You have note mentioned which axis cylinder is along but let's say it is parallel to $z-$axis. Then in cylindrical coordinates, we have
Equation of sphere: $r^2+z^2 = 4b^2$
Equation of cylindrical hole: $r = b$
To find volume using cylindrical shell method, please take shells along the axis of the cylinder.
At any given radius, $-\sqrt{4b^2 - r^2} \leq z \leq \sqrt{4b^2 - r^2}$
So the height of the shell is $2 \sqrt{4b^2 - r^2}$
Also $b \leq r \leq 2b, \ $ as we are bound by radius of the cylinder and radius of the sphere.

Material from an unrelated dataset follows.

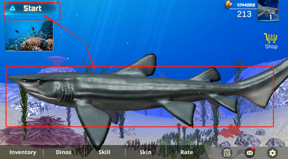 2、点左上角的Start开始游戏,右上角显示分数213和金币1,底部有商店等按钮。

So integration to find volume of the given sphere with cylindrical hole using shell method is,
$\displaystyle \int_b^{2b} 2 \pi r \cdot 2\sqrt{4b^2 - r^2} \ dr $
As far as your calculation without the integration,
at the intersection of cylinder and sphere, we have $z = \pm \sqrt3b$.
So the cylindrical hole is a cylinder of height $2\sqrt3b$ and two spherical caps on top and bottom,
Height of each spherical cap $ = (2-\sqrt3)b$ and radius of its base = $b$.
So, volume of cylinder along with spherical caps
$V_{hole} = 2b\sqrt3 \cdot \pi b^2 + 2 \cdot \frac{\pi b^3}{6} (2-\sqrt3) \big(3 + (2-\sqrt3)^2\big)$
$ = \frac{32 \pi b^3}{3} - 4 \sqrt3 \pi b^3$
So $V_{sphere} - V_{hole} = 4 \sqrt3 \pi b^3$